Ces chiffres reflètent le durcissement de la politique d’immigration dominicaine et la persécution sociale dont sont victimes les populations vulnérables et noires qui ont migré pour fuir la violence qui règne en Haïti.
La Direction générale des migrations (DGM) dominicaine a annoncé le rapatriement d’au moins 35 276 migrants haïtiens en août, qui s’ajoutent aux plus de 250 000 déportés entre janvier et juillet. Un récent communiqué de l’agence souligne que 115 000 autres migrants ont quitté le pays « de leur plein gré » depuis le début de l’année. Ces chiffres reflètent non seulement un durcissement de la politique d’immigration, mais aussi une persécution sociale à l’encontre des populations vulnérables et noires qui, dans de nombreux cas, ont migré pour fuir la violence et la faim.
S’inscrivant dans la lignée du président américain Donald Trump, qui a transformé le discours anti-immigration en étendard idéologique, le gouvernement actuel de la République dominicaine a utilisé la stigmatisation des étrangers en situation irrégulière comme moyen de promouvoir le nationalisme.
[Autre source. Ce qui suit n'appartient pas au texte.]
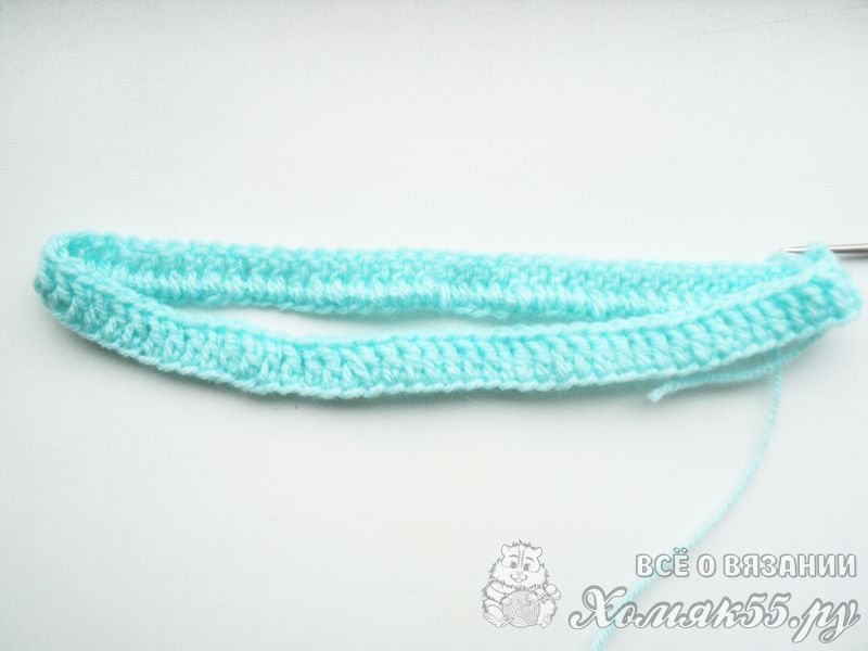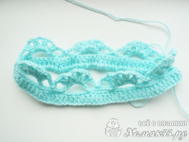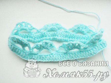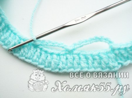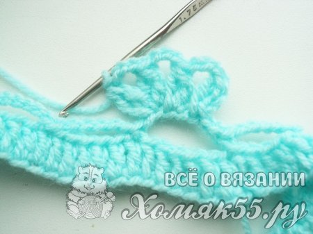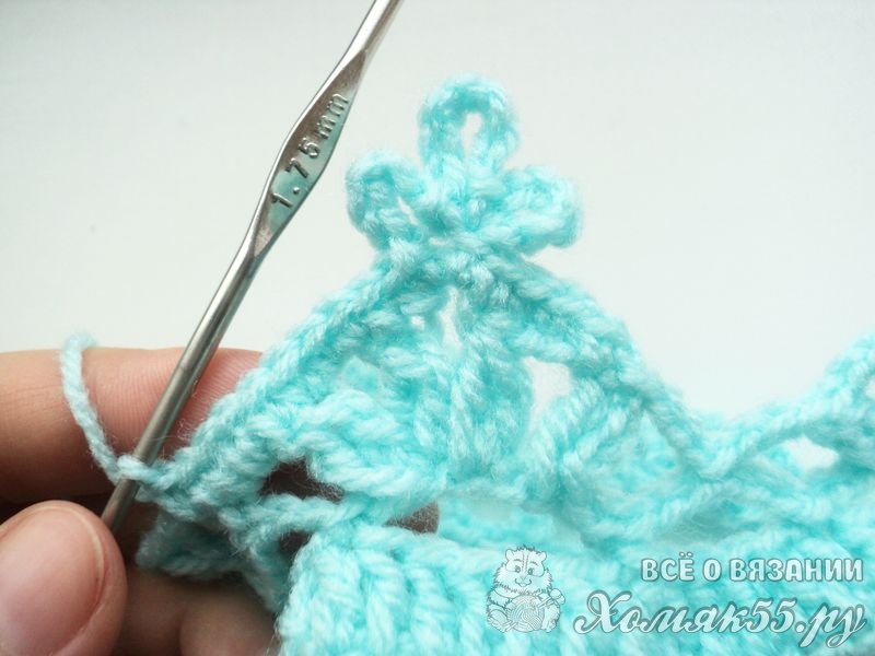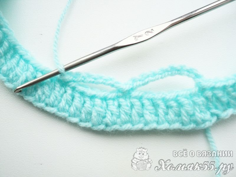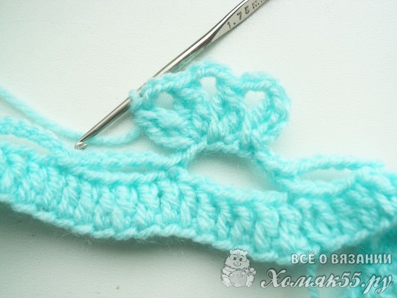 Вяжем до следующего элемента и повторяем действия. Так нужно обвязать до конца.
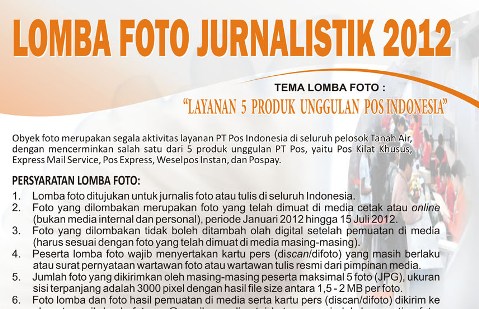 PT. Pos Indonesia bekerja sama dengan Bandungnewsphoto tengah mengadakan “Lomba Foto Jurnalistik 2012” untuk para jurnalis yang mengangkat tema “LAYANAN 5 PRODUK UNGGULAN POS INDONESIA”. Obyek foto merupakan segala aktivitas layanan PT Pos Indonesia di seluruh pelosok Tanah Air, dengan mencerminkan salah satu dari 5 produk unggulan PT Pos, yaitu Pos Kilat Khusus, Express Mail […]

Persécutions racistes, détentions arbitraires et expulsions massives font désormais partie du quotidien de la DGM, qui se targuait début août de « maintenir une moyenne de plus de 30 000 expulsions [d’Haïtiens] par mois ».
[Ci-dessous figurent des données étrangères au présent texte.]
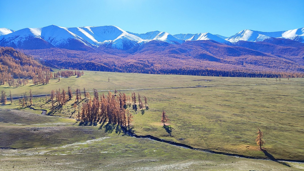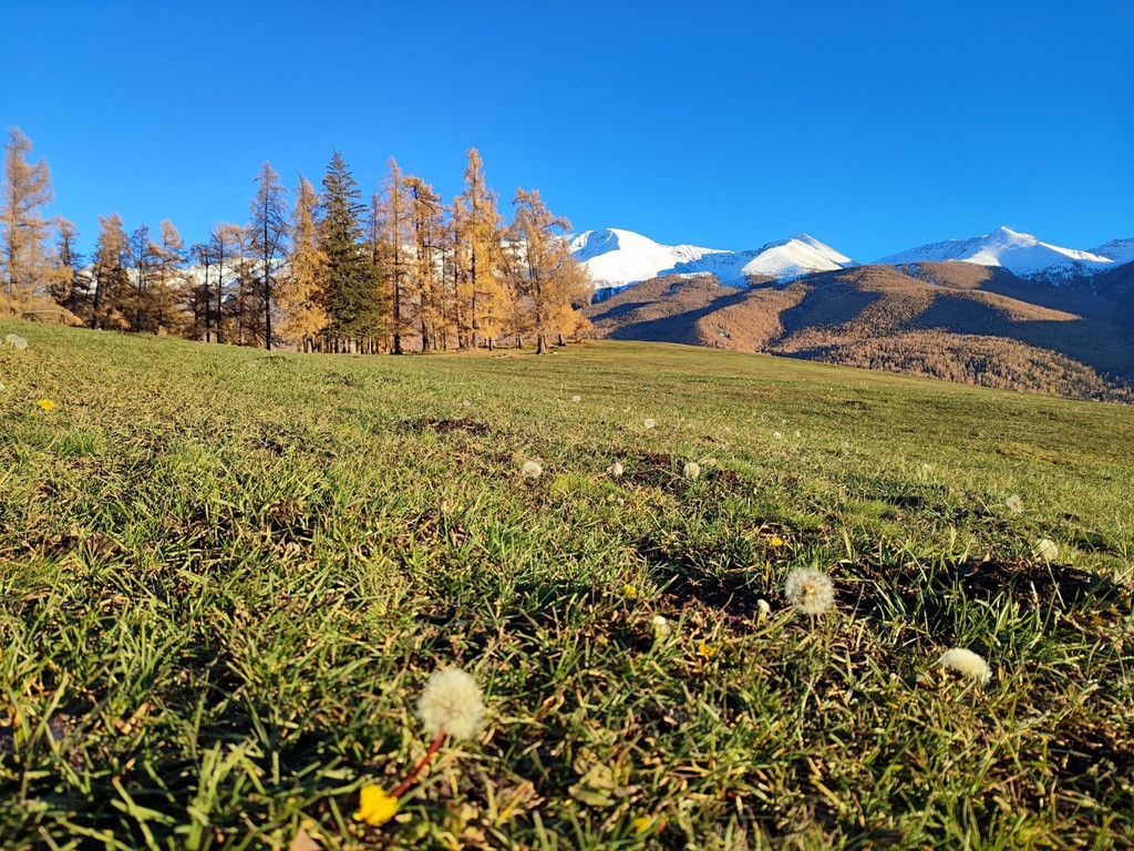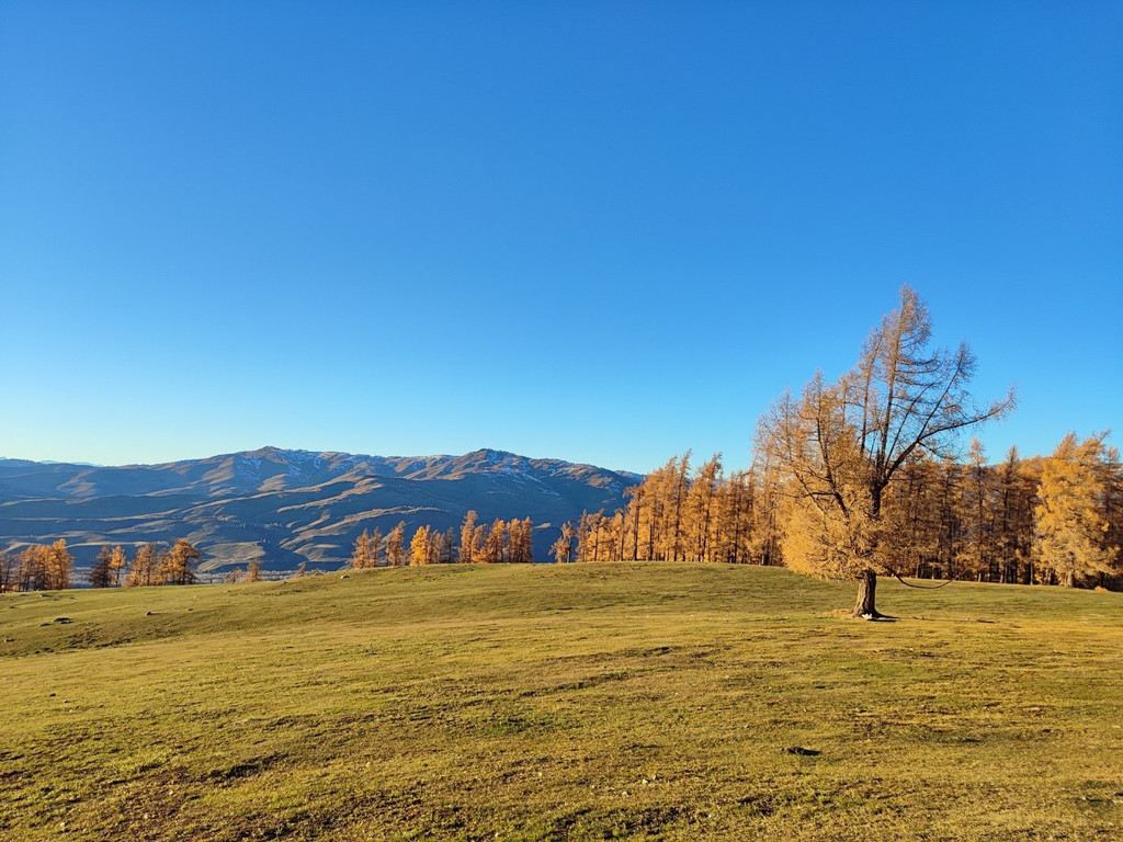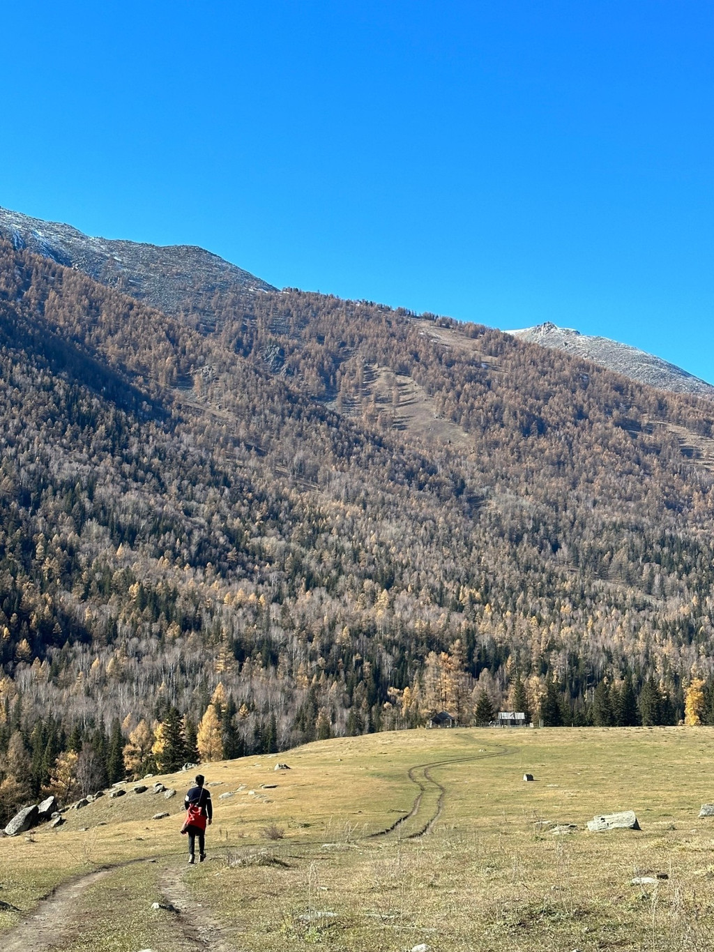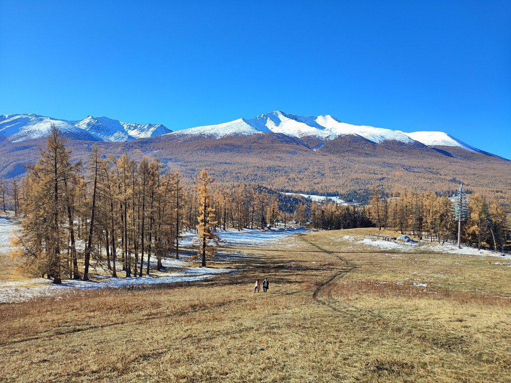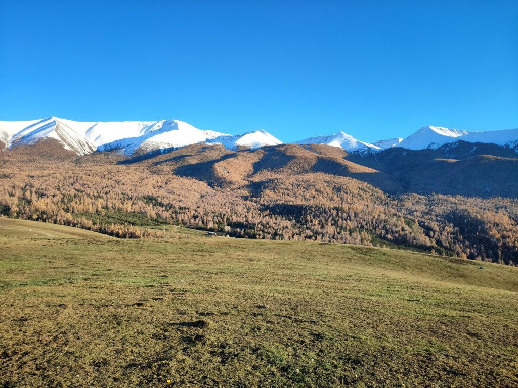 观景台旁边也是一片草原,看着不大,但真的可以走很久,草原北部有成片的金黄色的落叶松。这里真的是一山有四季景啊,春夏秋冬,草场花朵,绿色松柏,黄色落叶松,白色雪山。

Le collectif Migration et Droits Humains, composé de diverses organisations dominicaines, a présenté au gouvernement une série de propositions visant à aborder la politique migratoire sous un angle non seulement humain, mais aussi économique et social. « Il s’agit d’un phénomène structurel qui soutient des secteurs essentiels de notre économie, tels que la construction, l’agriculture et le travail domestique, dont les contributions ont toujours été invisibles et surexploitées », ont commenté les porte-parole. Katia Bonté, coordinatrice de l’organisation haïtienne « Groupe de soutien aux rapatriés et aux réfugiés » (GARR), estime que les raisons qui poussent les familles haïtiennes à migrer vers la République dominicaine sont principalement économiques ou sécuritaires.
Ce n’est pas par choix, mais par « obligation », que des familles entières risquent chaque jour de traverser illégalement la frontière. Nombre d’entre elles ont perdu leur logement à cause des violences, et d’autres cherchent des moyens de subsistance qu’elles ne trouvent pas en Haïti.
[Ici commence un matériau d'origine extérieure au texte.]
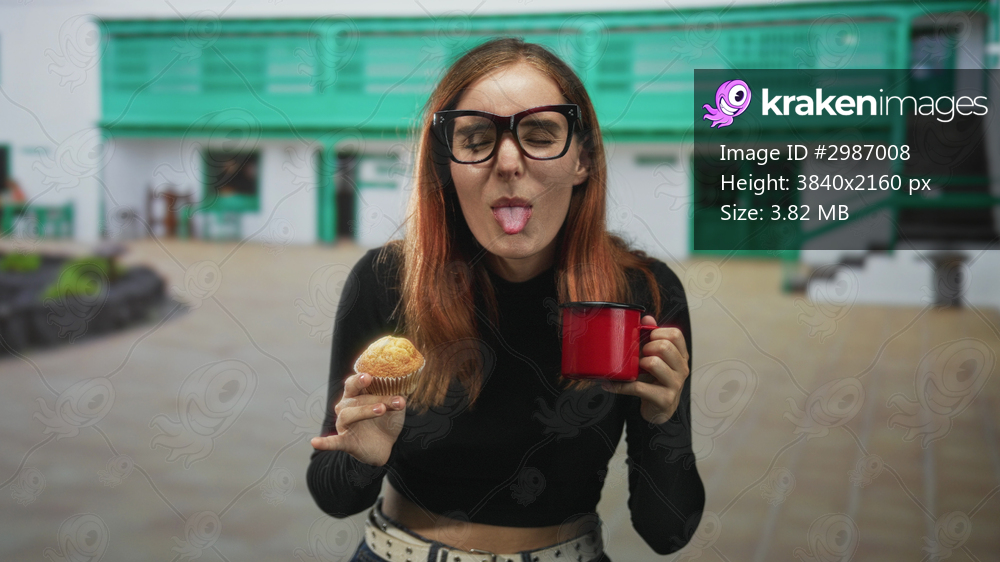 Woman redhead holds red mug and muffin, tongue out and smiling, in front of building; playful morning.
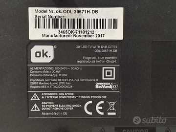 Vendo TV marca OK (media world). modello ODL-20671H-DB da 20 pollici (no smart), perfettamente funzionante, completo di telecomando originale.
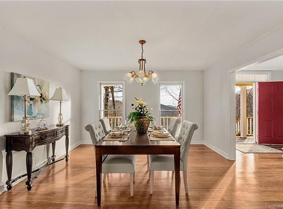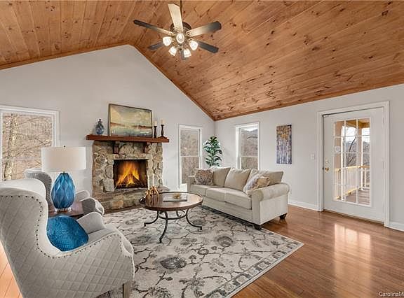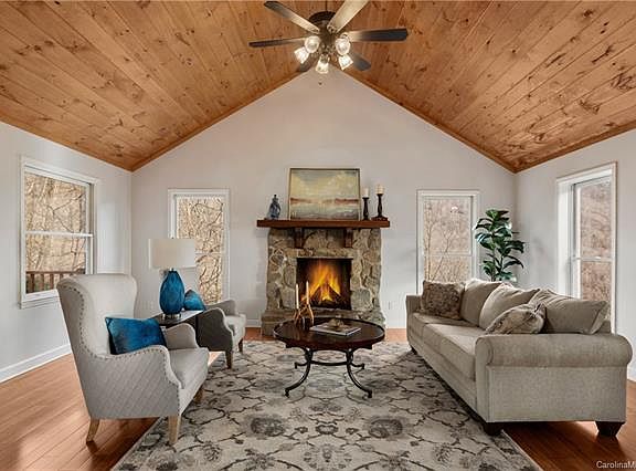 Newly remodeled Cape Cod style home sits on a knoll and has the VIEWS to show for it! You can relax on the large back deck watching and listening to a private waterfall cascading to a little pond below while grilling just steps from the kitchen door.. This home has much charm and character on the inside creating a cozy Great room with wood floors and wood burning stone fireplace.. Large floor to ceiling windows to let in the light.. Many kitchen upgrades... The three master on-suites allow for privacy and convenience for all... floor plan could accomodate an office... Lower Great space for game room and media area... The gated subdivision has year-round paved road access so this location combines the dream of living in the mountains without the difficulty of getting there. Garage on lower level.. large detached building for tool shed/storage.. Fabulous areas to relax and retreat from everyday life... Viewing deck above waterfall for sunrises. Competitively Priced at $141/Sq Foot
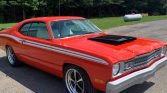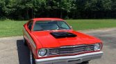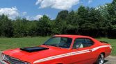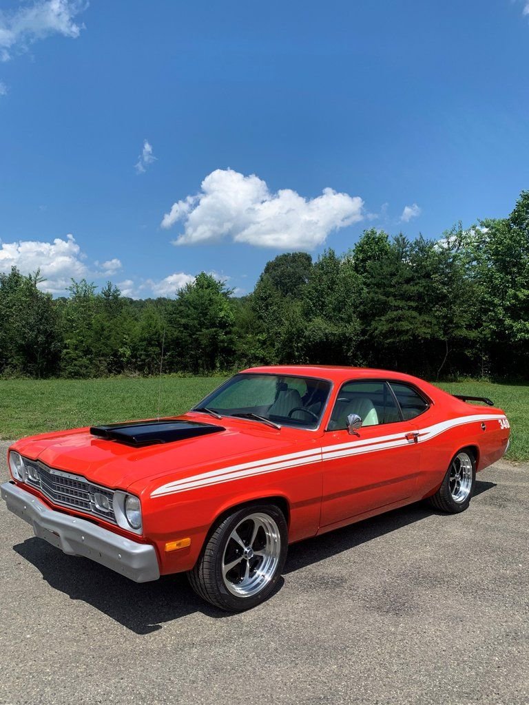 1973 Plymouth Duster Coupe Rebuilt 340 V-8 Engine H Code 4-Speed Manual Transmission with Pistol Grip Shifter Orange Exterior over White Bucket Seat Interior True 340 H Code Duster Ice Cold Factory Air Conditioning Power Steering Disc Brakes Aluminum Intake Ceramic Coated Headers New Clutch New Drive Shaft 410 Posi-Traction Rear End New Wheels and Tires Build Sheet Undercarriage is in Great Condition

Une fois installés en République dominicaine, souvent illégalement – le pays n’accordant plus de visas aux Haïtiens –, ils sont confrontés à un climat de terreur différent. Beaucoup ont émigré pour fuir la violence, mais à leur arrivée, ils ont été confrontés à une autre forme de violence. Il ne s’agit pas de la violence des gangs qui les a poussés à fuir et à brûler leurs maisons, mais plutôt de violence psychologique, d’humiliation et de discrimination fondée sur la couleur de peau.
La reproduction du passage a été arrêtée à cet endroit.